Segment Start: Records to use

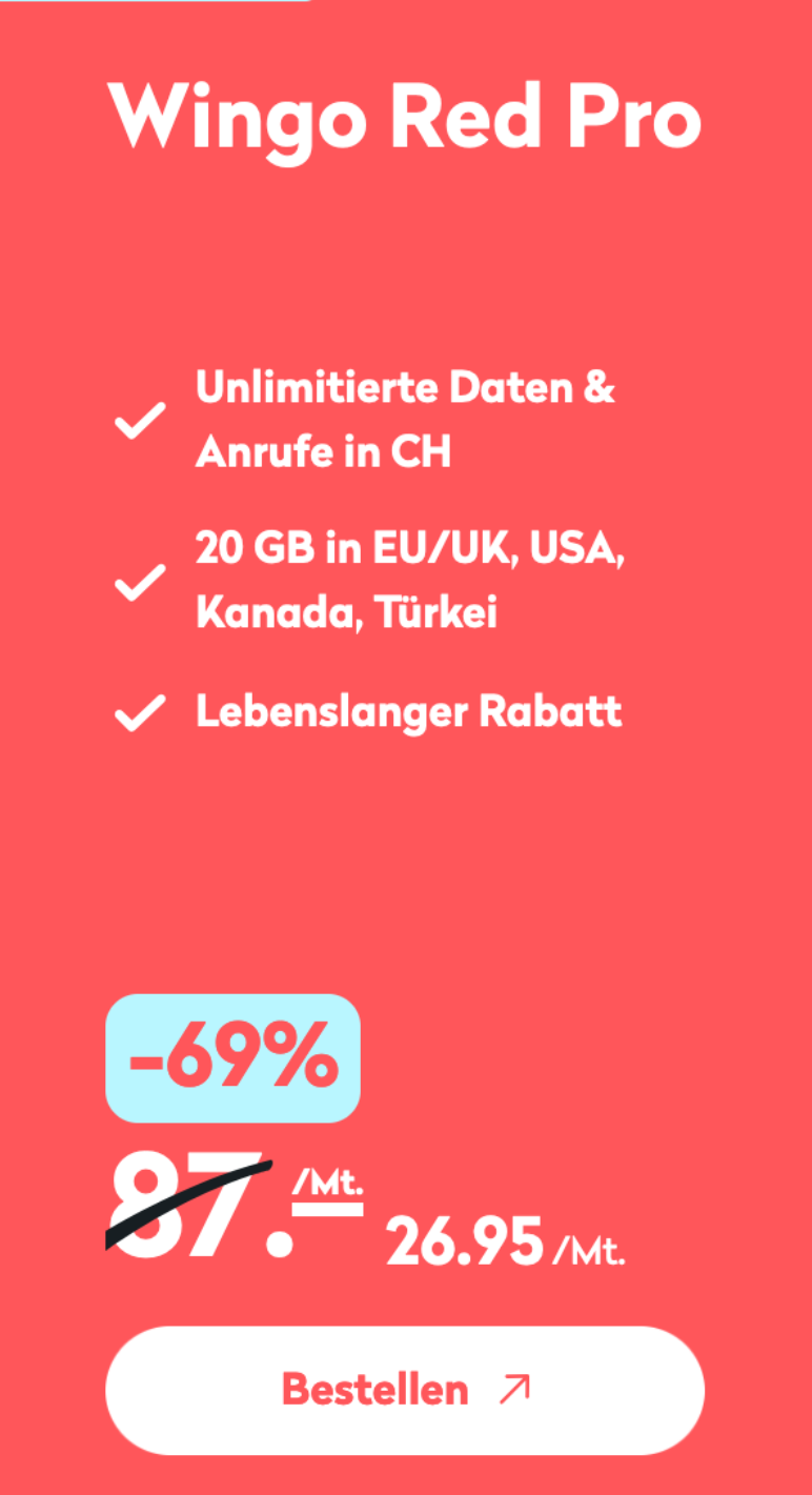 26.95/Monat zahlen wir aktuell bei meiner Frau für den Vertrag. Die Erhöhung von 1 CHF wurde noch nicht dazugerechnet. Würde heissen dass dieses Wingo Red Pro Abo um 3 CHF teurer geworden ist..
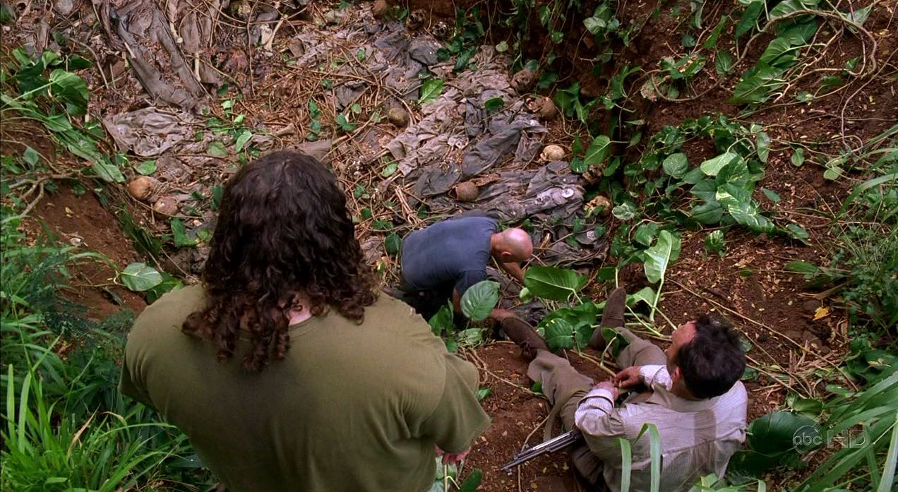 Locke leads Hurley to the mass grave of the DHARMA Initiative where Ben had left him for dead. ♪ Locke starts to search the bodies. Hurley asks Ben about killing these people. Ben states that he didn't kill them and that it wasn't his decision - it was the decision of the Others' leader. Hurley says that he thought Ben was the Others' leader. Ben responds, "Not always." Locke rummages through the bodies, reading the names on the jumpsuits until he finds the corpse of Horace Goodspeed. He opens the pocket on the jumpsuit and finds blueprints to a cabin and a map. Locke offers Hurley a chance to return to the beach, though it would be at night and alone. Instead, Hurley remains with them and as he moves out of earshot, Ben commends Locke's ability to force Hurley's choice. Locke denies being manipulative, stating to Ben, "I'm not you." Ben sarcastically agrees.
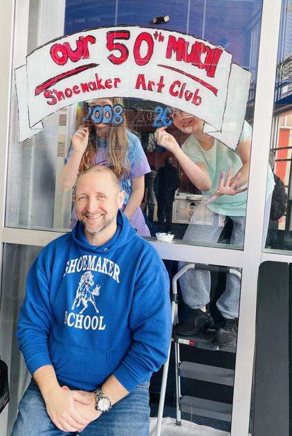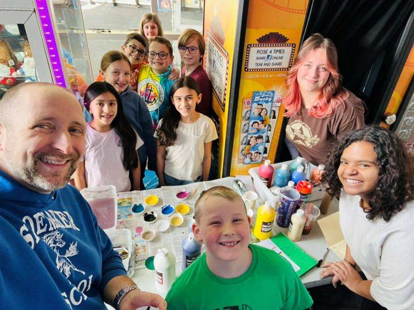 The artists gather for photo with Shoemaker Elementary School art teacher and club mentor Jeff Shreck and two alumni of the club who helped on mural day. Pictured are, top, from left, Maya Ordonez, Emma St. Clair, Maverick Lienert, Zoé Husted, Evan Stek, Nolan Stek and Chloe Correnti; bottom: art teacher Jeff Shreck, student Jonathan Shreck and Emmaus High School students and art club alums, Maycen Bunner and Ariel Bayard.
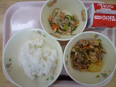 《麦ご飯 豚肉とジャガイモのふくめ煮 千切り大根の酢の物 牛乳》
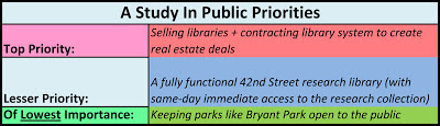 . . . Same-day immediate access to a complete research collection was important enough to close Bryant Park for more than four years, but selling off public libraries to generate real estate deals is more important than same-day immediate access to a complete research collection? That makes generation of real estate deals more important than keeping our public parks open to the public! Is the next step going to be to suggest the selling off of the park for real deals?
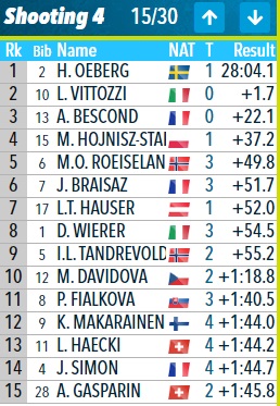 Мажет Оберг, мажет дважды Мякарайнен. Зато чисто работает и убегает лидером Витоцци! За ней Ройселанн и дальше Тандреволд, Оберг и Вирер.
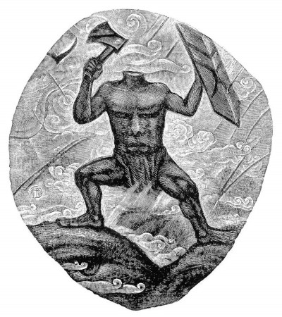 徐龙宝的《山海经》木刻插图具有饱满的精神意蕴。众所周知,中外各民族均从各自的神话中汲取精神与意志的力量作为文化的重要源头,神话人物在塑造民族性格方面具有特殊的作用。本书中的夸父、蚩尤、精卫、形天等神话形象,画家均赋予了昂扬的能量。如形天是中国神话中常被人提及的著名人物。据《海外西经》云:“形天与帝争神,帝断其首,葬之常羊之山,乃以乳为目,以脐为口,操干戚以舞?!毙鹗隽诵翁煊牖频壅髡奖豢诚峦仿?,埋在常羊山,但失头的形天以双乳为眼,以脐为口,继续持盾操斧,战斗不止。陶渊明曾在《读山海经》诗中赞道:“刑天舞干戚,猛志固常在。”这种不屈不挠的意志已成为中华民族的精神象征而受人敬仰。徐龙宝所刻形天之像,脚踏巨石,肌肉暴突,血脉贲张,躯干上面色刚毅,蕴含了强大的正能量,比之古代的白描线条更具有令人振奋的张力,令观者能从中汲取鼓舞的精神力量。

Segment End: Records to use

Your objective – Where an entry contains an image, skip the image; repeat everything else exactly.

Solution for this task –
 26.95/Monat zahlen wir aktuell bei meiner Frau für den Vertrag. Die Erhöhung von 1 CHF wurde noch nicht dazugerechnet. Würde heissen dass dieses Wingo Red Pro Abo um 3 CHF teurer geworden ist..
 Locke leads Hurley to the mass grave of the DHARMA Initiative where Ben had left him for dead. ♪ Locke starts to search the bodies. Hurley asks Ben about killing these people. Ben states that he didn't kill them and that it wasn't his decision - it was the decision of the Others' leader. Hurley says that he thought Ben was the Others' leader. Ben responds, "Not always." Locke rummages through the bodies, reading the names on the jumpsuits until he finds the corpse of Horace Goodspeed. He opens the pocket on the jumpsuit and finds blueprints to a cabin and a map. Locke offers Hurley a chance to return to the beach, though it would be at night and alone. Instead, Hurley remains with them and as he moves out of earshot, Ben commends Locke's ability to force Hurley's choice. Locke denies being manipulative, stating to Ben, "I'm not you." Ben sarcastically agrees.
 The artists gather for photo with Shoemaker Elementary School art teacher and club mentor Jeff Shreck and two alumni of the club who helped on mural day. Pictured are, top, from left, Maya Ordonez, Emma St. Clair, Maverick Lienert, Zoé Husted, Evan Stek, Nolan Stek and Chloe Correnti; bottom: art teacher Jeff Shreck, student Jonathan Shreck and Emmaus High School students and art club alums, Maycen Bunner and Ariel Bayard.
 《麦ご飯 豚肉とジャガイモのふくめ煮 千切り大根の酢の物 牛乳》
 . . . Same-day immediate access to a complete research collection was important enough to close Bryant Park for more than four years, but selling off public libraries to generate real estate deals is more important than same-day immediate access to a complete research collection? That makes generation of real estate deals more important than keeping our public parks open to the public! Is the next step going to be to suggest the selling off of the park for real deals?
 Мажет Оберг, мажет дважды Мякарайнен. Зато чисто работает и убегает лидером Витоцци! За ней Ройселанн и дальше Тандреволд, Оберг и Вирер.
 徐龙宝的《山海经》木刻插图具有饱满的精神意蕴。众所周知,中外各民族均从各自的神话中汲取精神与意志的力量作为文化的重要源头,神话人物在塑造民族性格方面具有特殊的作用。本书中的夸父、蚩尤、精卫、形天等神话形象,画家均赋予了昂扬的能量。如形天是中国神话中常被人提及的著名人物。据《海外西经》云:“形天与帝争神,帝断其首,葬之常羊之山,乃以乳为目,以脐为口,操干戚以舞?!毙鹗隽诵翁煊牖频壅髡奖豢诚峦仿?,埋在常羊山,但失头的形天以双乳为眼,以脐为口,继续持盾操斧,战斗不止。陶渊明曾在《读山海经》诗中赞道:“刑天舞干戚,猛志固常在。”这种不屈不挠的意志已成为中华民族的精神象征而受人敬仰。徐龙宝所刻形天之像,脚踏巨石,肌肉暴突,血脉贲张,躯干上面色刚毅,蕴含了强大的正能量,比之古代的白描线条更具有令人振奋的张力,令观者能从中汲取鼓舞的精神力量。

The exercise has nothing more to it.